Find a healthy alternative to mainstream porn

Produced in 1846, the first pornographic film was an extremely short, black-and-white clip of a remarkably solemn middle-aged man gingerly inserting his penis into the vagina of an equally solemn middle-aged woman. Fast forward 169 years and you arrive at the present day, where the history of the pornographic tradition has seared an image of porn as something grim, sometimes violent, questionably consensual and frequently both misogynistic and racist into our cultural memory.

Depending on who you ask, the phrase “porn star” will likely bring to mind the image of a stick thin girl with a tiny waist and unnaturally enormous breasts, panting and squealing in such an overdramatic way as to be comical, were it not for the insults of “whore” and “slut” being hurled at her by the man who is penetrating her.
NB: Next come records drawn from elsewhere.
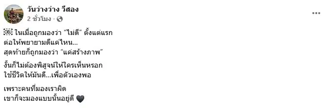 ต่อมา เบิร์ด วันว่างๆ ได้ไปปรากฏตัวที่ฮ่องกง พร้อมกับโพสต์ข้อความว่า “ในเมื่อถูกมองว่า “ไม่ดี” ตั้งแต่แรก ต่อให้พยายามดีแค่ไหน… สุดท้ายก็ถูกมองว่า “แค่สร้างภาพ” งั้นก็ไม่ต้องพิสูจน์ให้ใครเห็นหรอก ใช้ชีวิตให้มันดี…เพื่อตัวเองพอ เพราะคนที่มองเราผิด เขาก็จะมองแบบนั้นอยู่ดี”
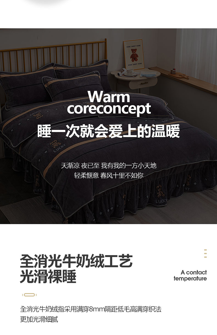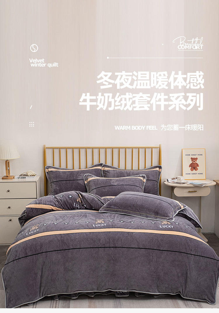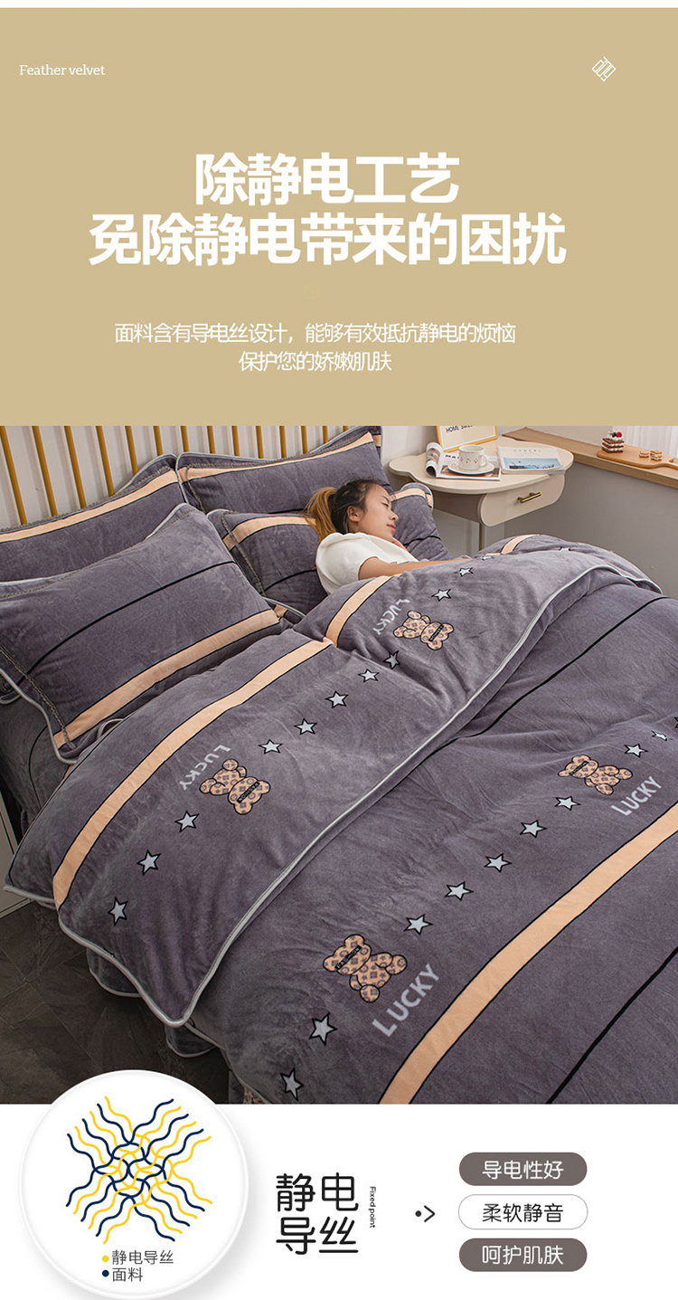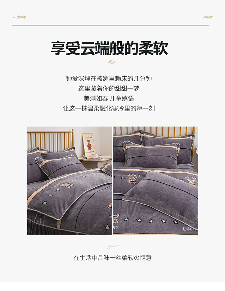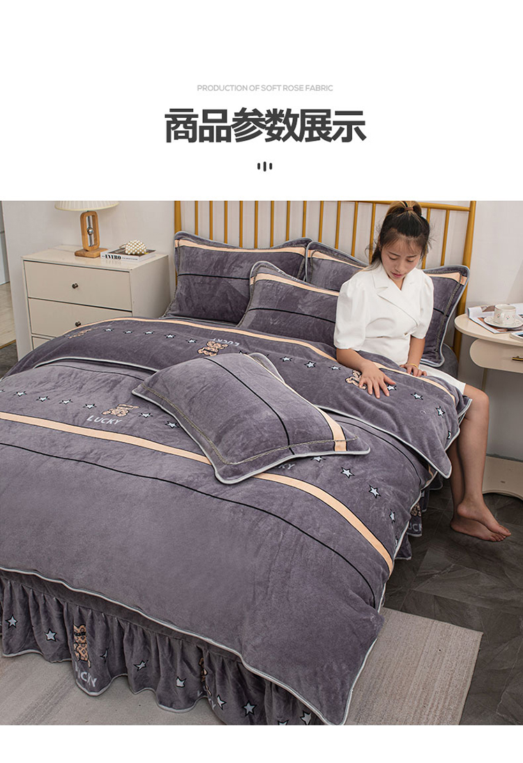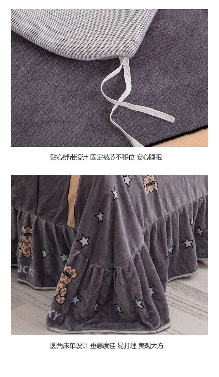 商品名称:登登家纺 加厚印花牛奶金貂法莱宝宝绒四件套 布偶小熊
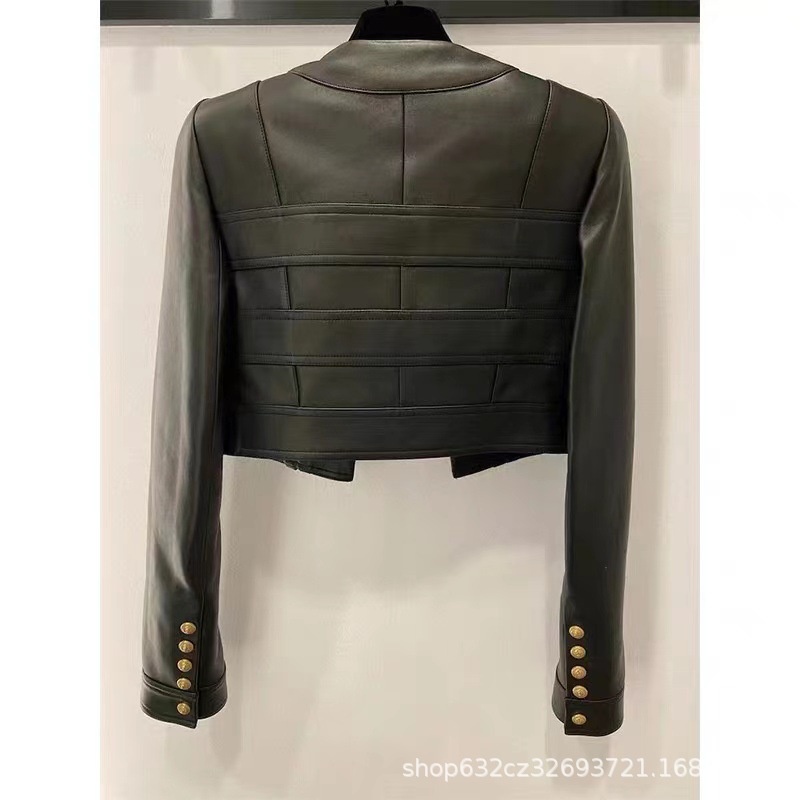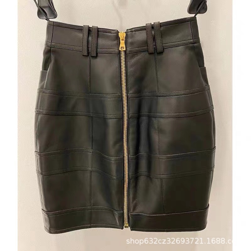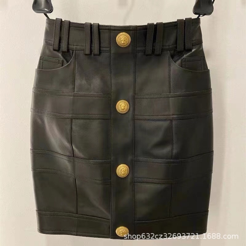 Chic And Fashionable Leather Jacket And Metal Button Skirt Suit

From the first austere clip of a nineteenth century couple partaking in some somber penetration to the current clips of violent, nonconsensual gangbangs, porn has not been a pretty picture.

But times have been changing, and a major figure demanding change is sex educator, former prostitute, porn star and author Annie Sprinkle. Commenting on the long history of degrading pornography, Sprinkle wrote that “the answer to bad porn isn’t no porn… it’s to try and make better porn!” With this statement alone, Sprinkle has set herself apart from generations of feminists who have come before, who demanded an end to pornography because of their belief that it was intrinsically degrading to women. Sprinkle argues that, despite its tradition of racism and misogyny—a tradition depicting women as submissive, traditionally attractive objects and depicting whiteness as the default against which fetishes such as “Asian” or “Black” can be contrasted—porn’s liberation of erotic fantasy is healthy, and therefore everyone should have a form of porn with whose dreams and desires they can identify.

One of the most assertive and outspoken forms of this counter-culture porn is “Indie Porn,” and there is a significant difference between “mainstream” porn and this.  For one, you will see fat people.  This is a good thing.

This is, in fact, a wonderful thing, because now there is porn wherein people of greater weight can be perceived as attractive and desirable.  For another, the fetish of “interracial”—porn wherein people of varying ethnicities—is abolished, in order to recognize the fact that it is not unusual for people of different ethnicities to have sex together.  In its stead, people of color have much greater prevalence throughout counter-culture porn, keeping them from being sexualized though othering.  But a trait of indie porn that is most progressive for the porn industry is the presence of transsexuals, because their presence, alongside the presentation of their desires and pleasures, breaks down the barriers of gender-related pleasure—who gets pleasure and who gives it.

For the past nine years, the Good For Her Feminist Porn Awards have been acting as a driving force for the cause of feminist and inclusive porn, praising the erotic representations of women and minorities through such awards that fulfill the following:

1) Women and/or traditionally marginalized people were involved in the direction, production and/or conception of the work.

2) The work depicts genuine pleasure, agency and desire for all performers, especially women and traditionally marginalized people.

3) The work expands the boundaries of sexual representation on film, challenges stereotypes and presents a vision that sets the content apart from most mainstream pornography.  This may include depicting a diversity of desires, types of people, bodies, sexual practices, and/or an anti-racist or anti-oppression framework throughout the production.

So let’s take a step farther away from the banal porn clip from which our internet porn originated, and bring on the pornographic liberation!